Items listed in a dataset:
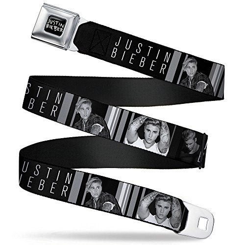 (BD)/Accessories/Belts Buckles/DIRECT FROM USA/JUSTIN BIEBER Full Color Black/White Seatbelt Belt - JUSTIN BIEBER 3-Poses/Stripes Black/Grays/...
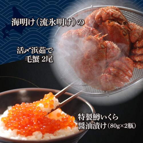 海明け(流氷明け)の活〆浜茹で毛がに2尾と、特製鱒いくらの醬油漬け80g×2瓶をセットでお届けします。
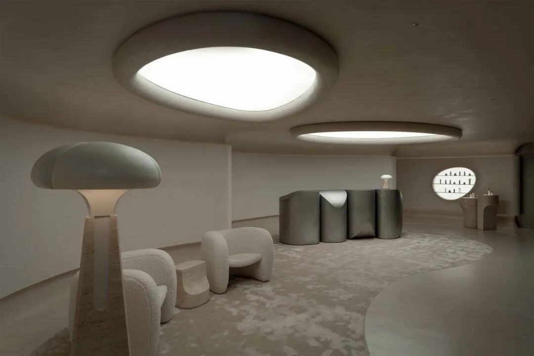 The reception room has a scene. A cave -shaped structure is closely related to nature, inspired by the delicate curve and softness of mushrooms. This vernacular is expressed throughout the design.
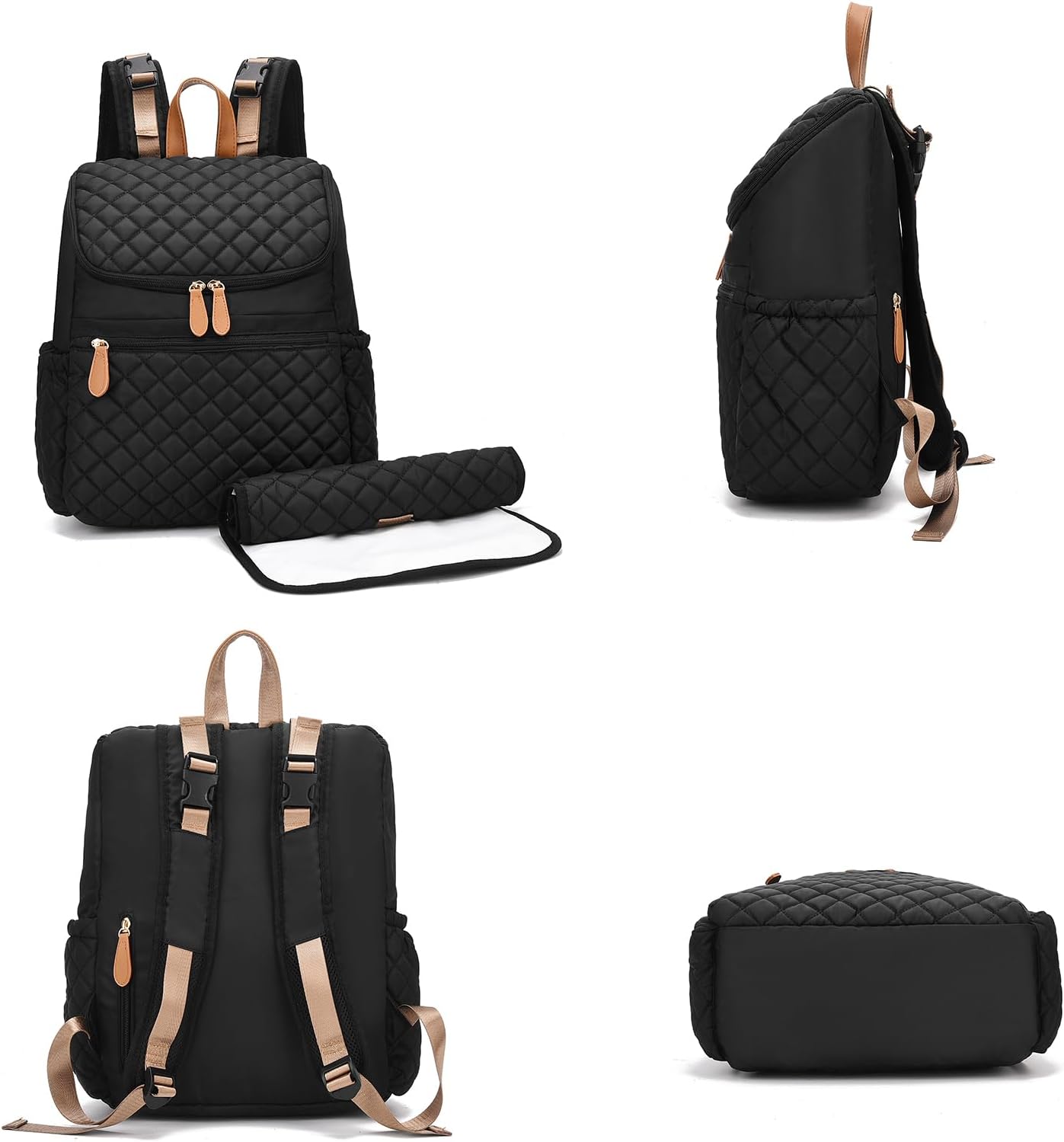 • MATERIAL: Our chic handy backpack diaper bags are made of tear-resistant water resistant fabric, strong zippers and lining. You don’t need to fear spilled milk or water, with a changing pad (size: 22.8”x12.5”)in
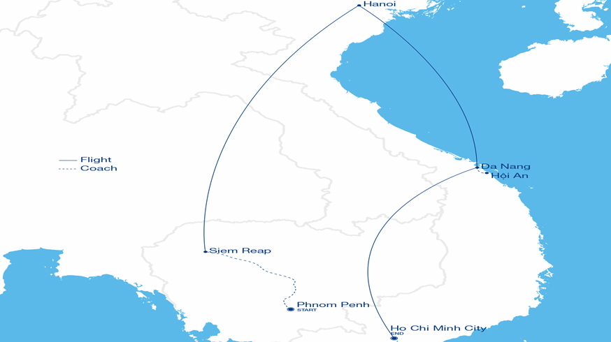 - All domestic flights within Cambodia and Vietnam
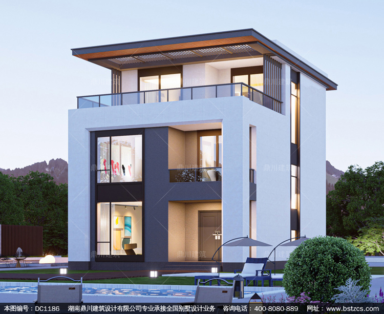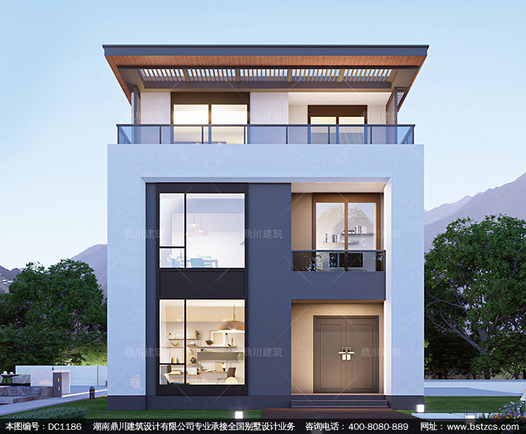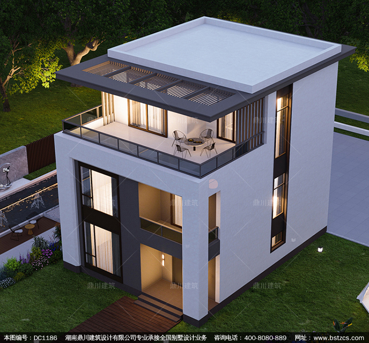 現(xiàn)代三層平屋頂別墅施工圖紙及效果圖_新農(nóng)村自建別墅設(shè)計(jì),鼎川建筑
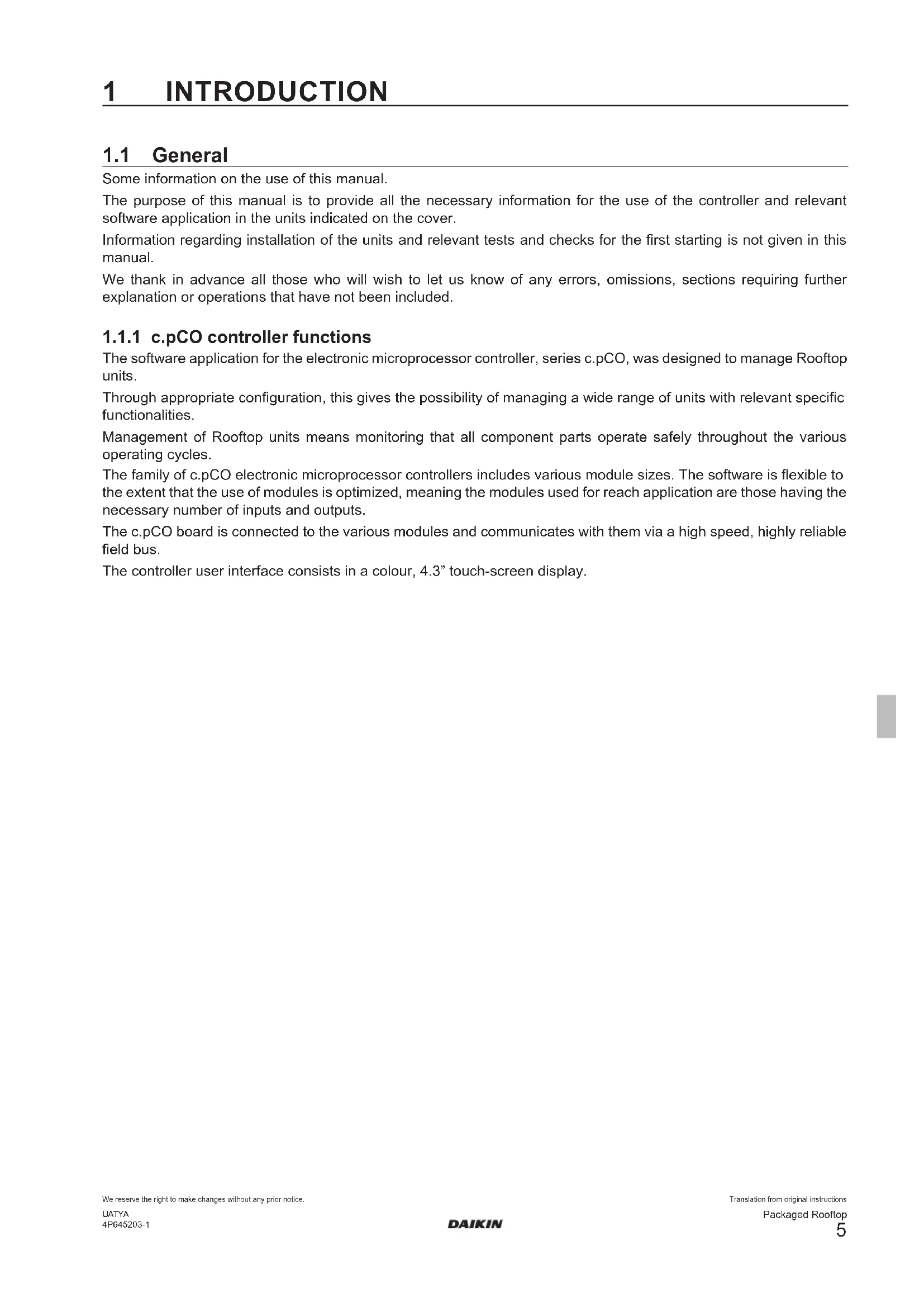 For management of the units, special software is loaded into the controller. The software consists of a combination of functions dedicated to the conditions in which the units may have to work. The following chapters describe all the functions managed by the software, ranging from ordinary functions featured in all units to functions dedicated to specic versions or models. Some of the functions described here may be available only on specic versions or sizes, or according to the selected accessories. In describing the various functions, competence in operation of the units and knowledge of the relevant hydraulic or refrigerant circuits are taken for granted. All the descriptions, settings and parameters given refer to units that are correctly installed as described in the relevant documentation.Translation from original instructionsPackaged Rooftop We reserve the right to make changes without any prior notice.UATYA4P645203-1
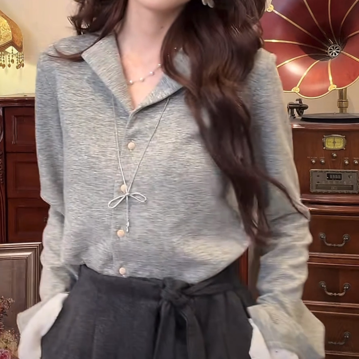 Home > 长袖雪纺衫、衬衫、上衣 > FA50243# 秋冬加绒加厚港风复古纯色长袖上衣开衫 服裝批發女裝批發服飾貨源

▸ **WORK REQUEST**: Strip the images and return the remaining data exactly.

▸ **FINAL ANSWER**:
 (BD)/Accessories/Belts Buckles/DIRECT FROM USA/JUSTIN BIEBER Full Color Black/White Seatbelt Belt - JUSTIN BIEBER 3-Poses/Stripes Black/Grays/...
 海明け(流氷明け)の活〆浜茹で毛がに2尾と、特製鱒いくらの醬油漬け80g×2瓶をセットでお届けします。
 The reception room has a scene. A cave -shaped structure is closely related to nature, inspired by the delicate curve and softness of mushrooms. This vernacular is expressed throughout the design.
 • MATERIAL: Our chic handy backpack diaper bags are made of tear-resistant water resistant fabric, strong zippers and lining. You don’t need to fear spilled milk or water, with a changing pad (size: 22.8”x12.5”)in
 - All domestic flights within Cambodia and Vietnam
 現(xiàn)代三層平屋頂別墅施工圖紙及效果圖_新農(nóng)村自建別墅設(shè)計(jì),鼎川建筑
 For management of the units, special software is loaded into the controller. The software consists of a combination of functions dedicated to the conditions in which the units may have to work. The following chapters describe all the functions managed by the software, ranging from ordinary functions featured in all units to functions dedicated to specic versions or models. Some of the functions described here may be available only on specic versions or sizes, or according to the selected accessories. In describing the various functions, competence in operation of the units and knowledge of the relevant hydraulic or refrigerant circuits are taken for granted. All the descriptions, settings and parameters given refer to units that are correctly installed as described in the relevant documentation.Translation from original instructionsPackaged Rooftop We reserve the right to make changes without any prior notice.UATYA4P645203-1
 Home > 长袖雪纺衫、衬衫、上衣 > FA50243# 秋冬加绒加厚港风复古纯色长袖上衣开衫 服裝批發女裝批發服飾貨源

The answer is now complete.